» Supplied records
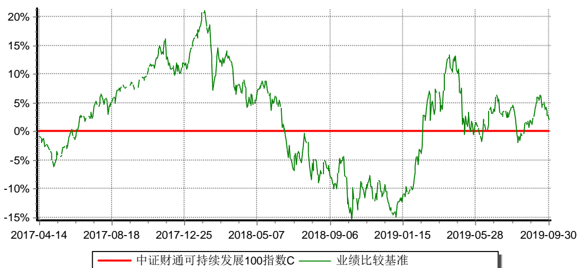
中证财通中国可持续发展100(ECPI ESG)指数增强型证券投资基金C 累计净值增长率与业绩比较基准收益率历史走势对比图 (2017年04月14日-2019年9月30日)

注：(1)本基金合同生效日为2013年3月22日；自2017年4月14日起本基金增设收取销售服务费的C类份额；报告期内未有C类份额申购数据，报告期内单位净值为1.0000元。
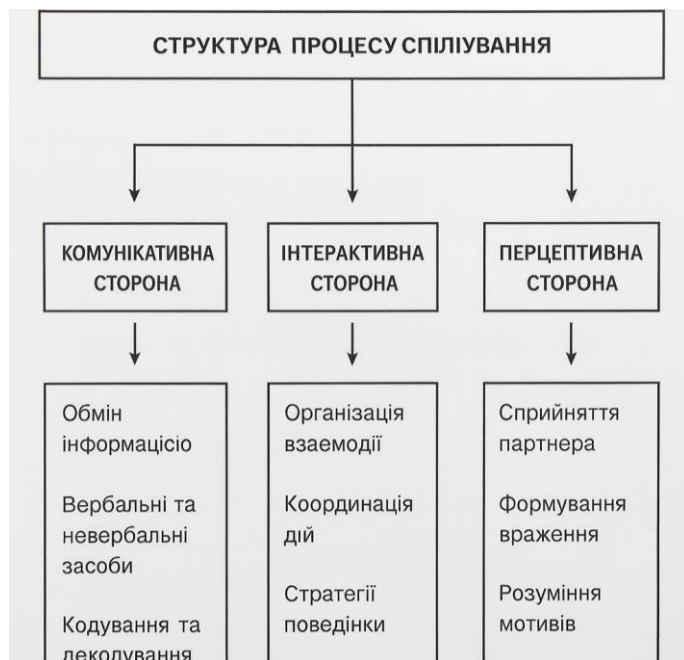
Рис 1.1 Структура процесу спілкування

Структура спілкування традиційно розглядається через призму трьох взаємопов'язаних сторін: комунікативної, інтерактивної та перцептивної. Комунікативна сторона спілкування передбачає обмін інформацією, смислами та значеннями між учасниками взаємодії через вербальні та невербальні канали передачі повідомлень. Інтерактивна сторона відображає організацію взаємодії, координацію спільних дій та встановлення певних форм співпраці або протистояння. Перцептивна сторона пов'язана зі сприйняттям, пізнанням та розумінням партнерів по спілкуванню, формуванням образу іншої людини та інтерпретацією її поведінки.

--

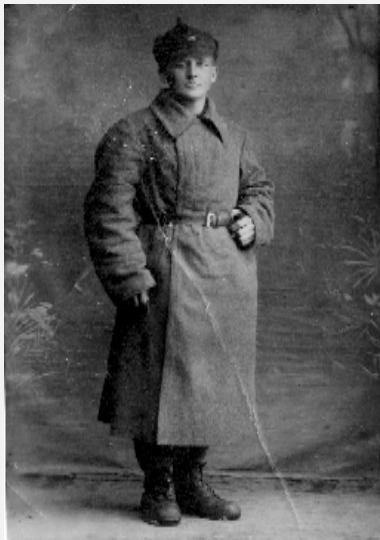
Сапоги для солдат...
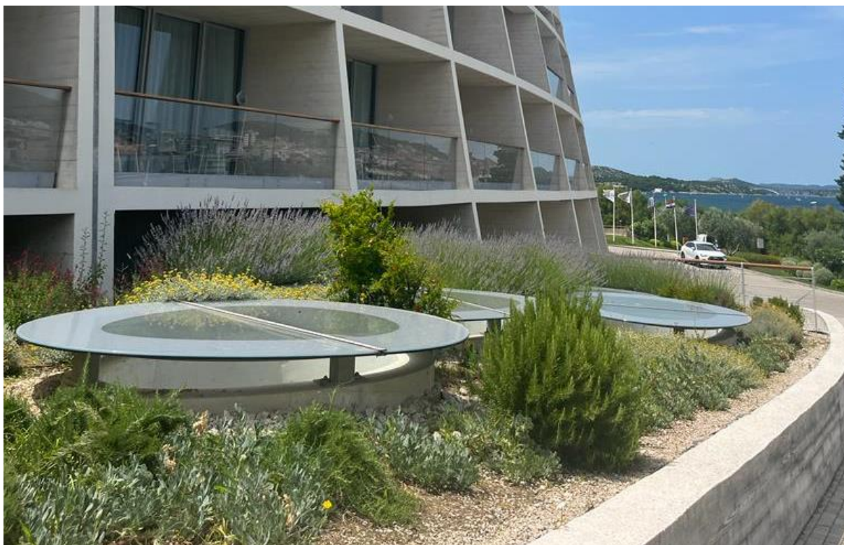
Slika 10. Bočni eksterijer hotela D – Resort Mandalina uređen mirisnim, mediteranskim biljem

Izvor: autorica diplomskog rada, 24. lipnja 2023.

» What the task requires
Each line containing the word "спілкування" needs to be copied from the data above.

» Output for this exercise
Рис 1.1 Структура процесу спілкування
Структура спілкування традиційно розглядається через призму трьох взаємопов'язаних сторін: комунікативної, інтерактивної та перцептивної. Комунікативна сторона спілкування передбачає обмін інформацією, смислами та значеннями між учасниками взаємодії через вербальні та невербальні канали передачі повідомлень. Інтерактивна сторона відображає організацію взаємодії, координацію спільних дій та встановлення певних форм співпраці або протистояння. Перцептивна сторона пов'язана зі сприйняттям, пізнанням та розумінням партнерів по спілкуванню, формуванням образу іншої людини та інтерпретацією її поведінки.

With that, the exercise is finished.